## DATA FOR PROCESSING
▬▬▬▬▬▬

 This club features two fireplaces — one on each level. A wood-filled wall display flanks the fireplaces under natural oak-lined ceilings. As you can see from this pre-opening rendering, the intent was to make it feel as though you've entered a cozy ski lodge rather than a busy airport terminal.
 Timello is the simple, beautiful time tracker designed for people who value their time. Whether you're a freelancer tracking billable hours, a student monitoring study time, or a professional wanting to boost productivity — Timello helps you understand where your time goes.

▬▬▬▬▬▬

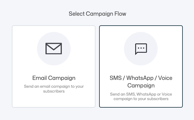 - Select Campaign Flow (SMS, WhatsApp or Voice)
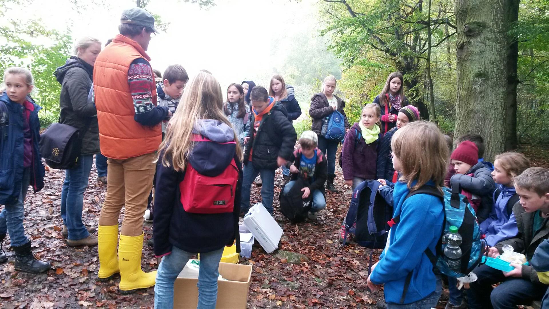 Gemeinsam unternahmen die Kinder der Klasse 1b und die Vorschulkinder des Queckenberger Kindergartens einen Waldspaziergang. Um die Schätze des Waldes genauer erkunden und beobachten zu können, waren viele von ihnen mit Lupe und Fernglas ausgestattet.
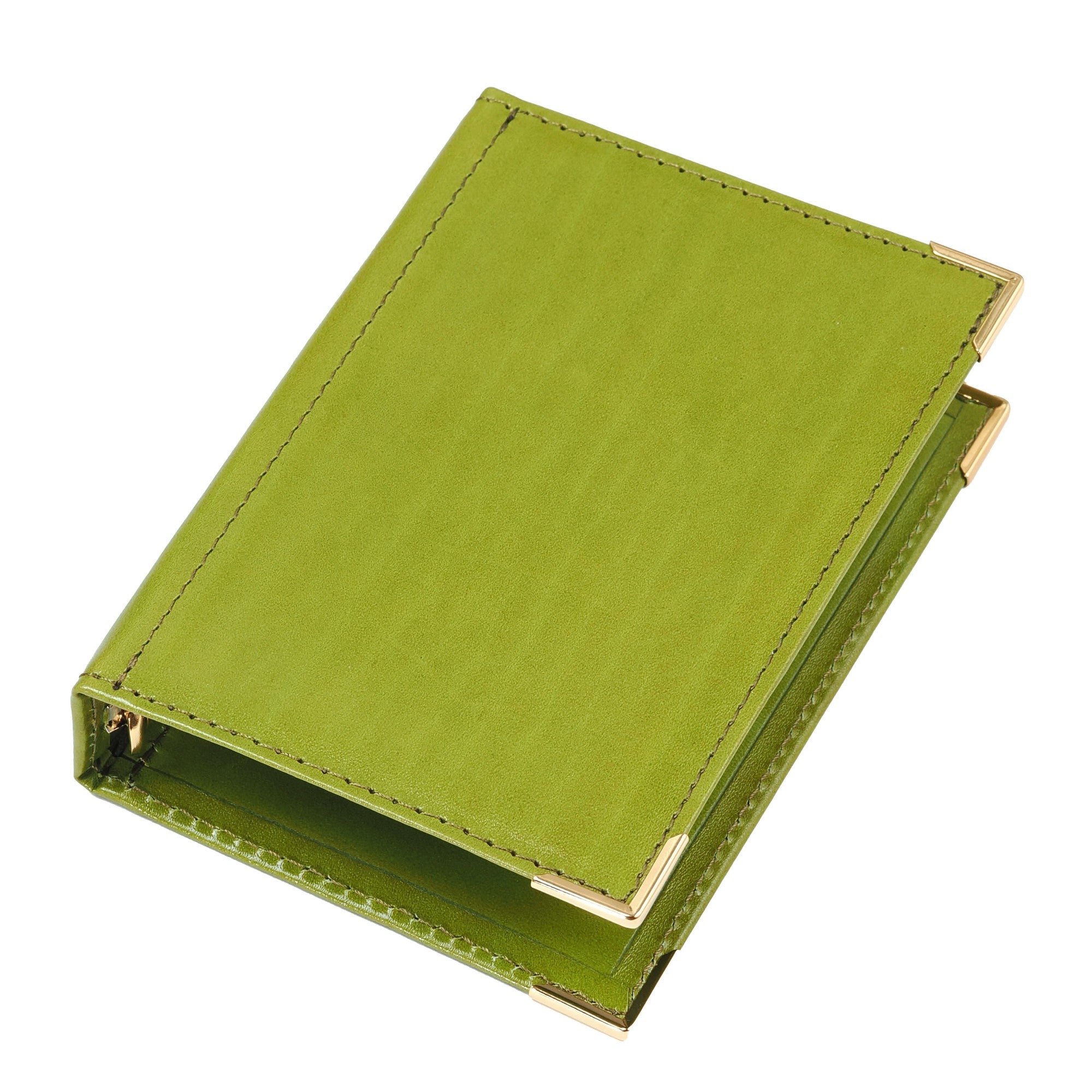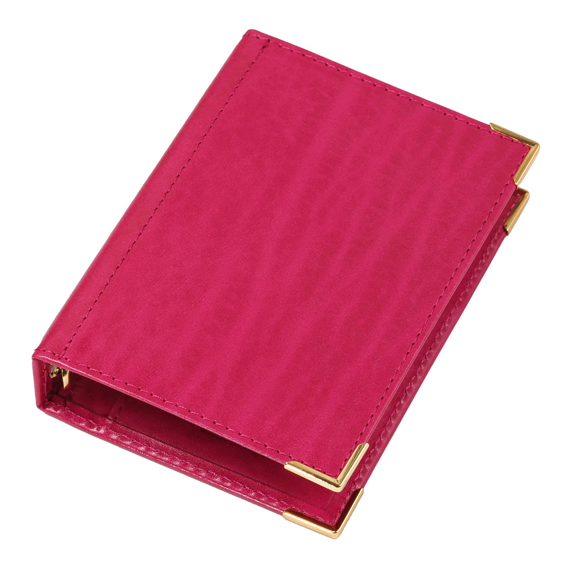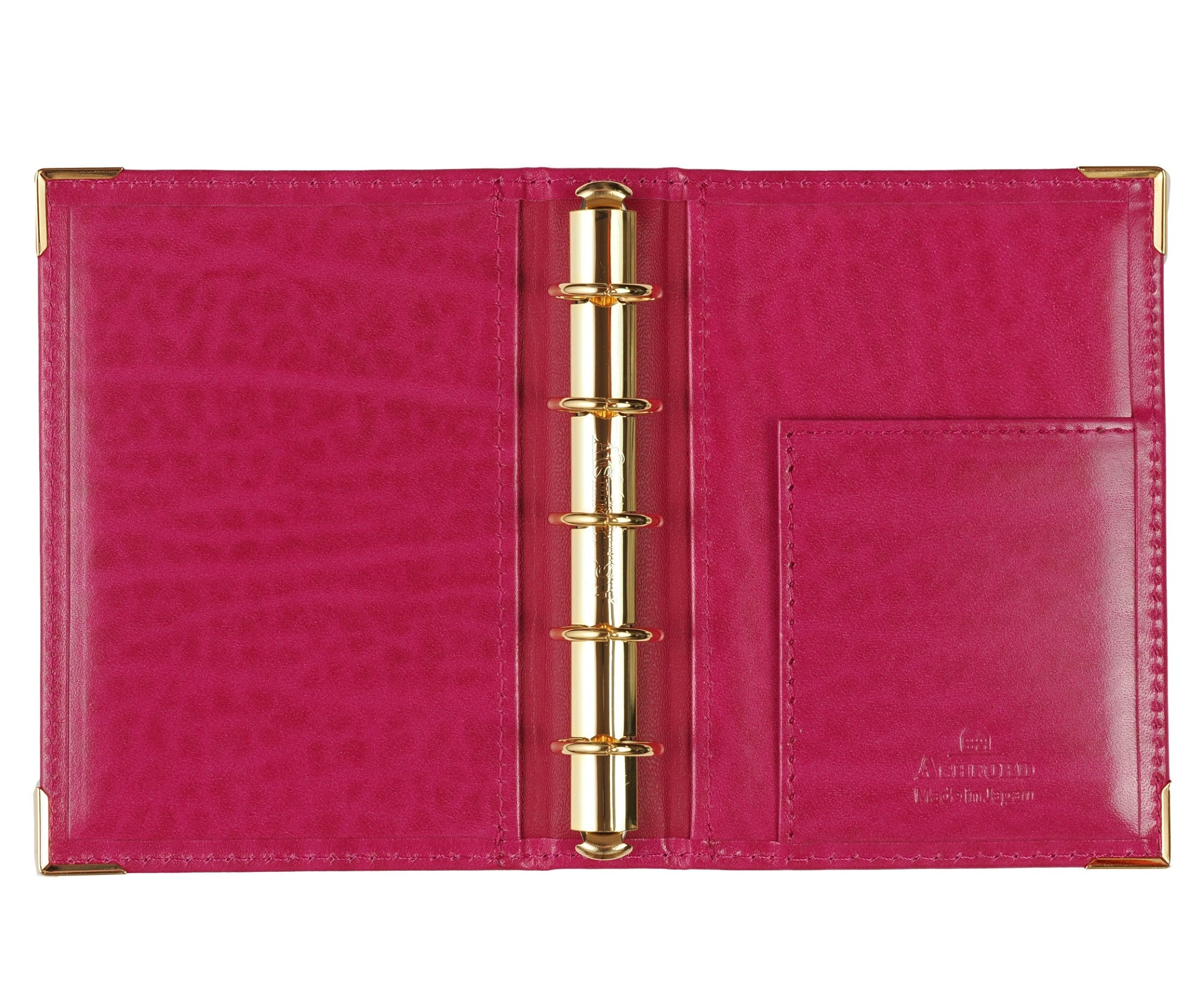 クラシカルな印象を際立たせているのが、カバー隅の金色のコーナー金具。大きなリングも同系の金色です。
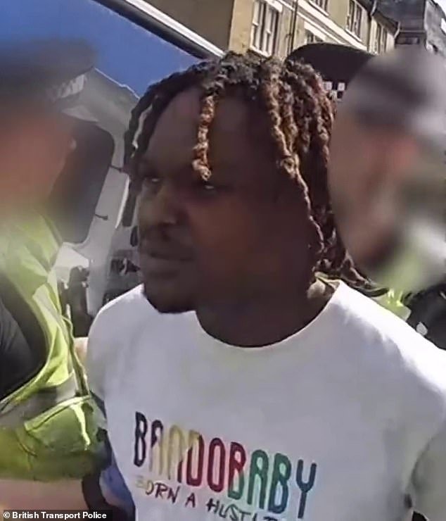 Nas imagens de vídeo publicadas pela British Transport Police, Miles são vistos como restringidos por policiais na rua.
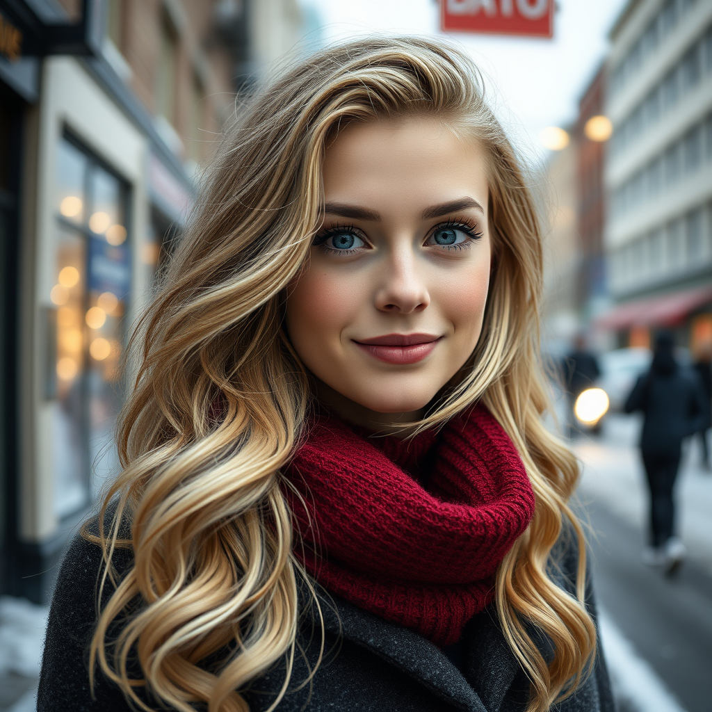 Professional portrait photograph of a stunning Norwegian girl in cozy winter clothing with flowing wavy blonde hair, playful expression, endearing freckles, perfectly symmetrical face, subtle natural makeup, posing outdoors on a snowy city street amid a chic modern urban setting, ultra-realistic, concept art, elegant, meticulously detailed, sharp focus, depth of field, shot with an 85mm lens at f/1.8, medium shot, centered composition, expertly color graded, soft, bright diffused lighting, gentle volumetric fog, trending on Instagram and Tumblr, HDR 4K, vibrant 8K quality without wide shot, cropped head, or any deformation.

▬▬▬▬▬▬

## BRIEF
Exact repeat of the material above: every line from the one with "Gemeinsam unternahmen die" through the one with "Professional portrait photograph", endpoints included, and nothing more. No pictures.

## ANSWER TO THE PROBLEM
 Gemeinsam unternahmen die Kinder der Klasse 1b und die Vorschulkinder des Queckenberger Kindergartens einen Waldspaziergang. Um die Schätze des Waldes genauer erkunden und beobachten zu können, waren viele von ihnen mit Lupe und Fernglas ausgestattet.
 クラシカルな印象を際立たせているのが、カバー隅の金色のコーナー金具。大きなリングも同系の金色です。
 Nas imagens de vídeo publicadas pela British Transport Police, Miles são vistos como restringidos por policiais na rua.
 Professional portrait photograph of a stunning Norwegian girl in cozy winter clothing with flowing wavy blonde hair, playful expression, endearing freckles, perfectly symmetrical face, subtle natural makeup, posing outdoors on a snowy city street amid a chic modern urban setting, ultra-realistic, concept art, elegant, meticulously detailed, sharp focus, depth of field, shot with an 85mm lens at f/1.8, medium shot, centered composition, expertly color graded, soft, bright diffused lighting, gentle volumetric fog, trending on Instagram and Tumblr, HDR 4K, vibrant 8K quality without wide shot, cropped head, or any deformation.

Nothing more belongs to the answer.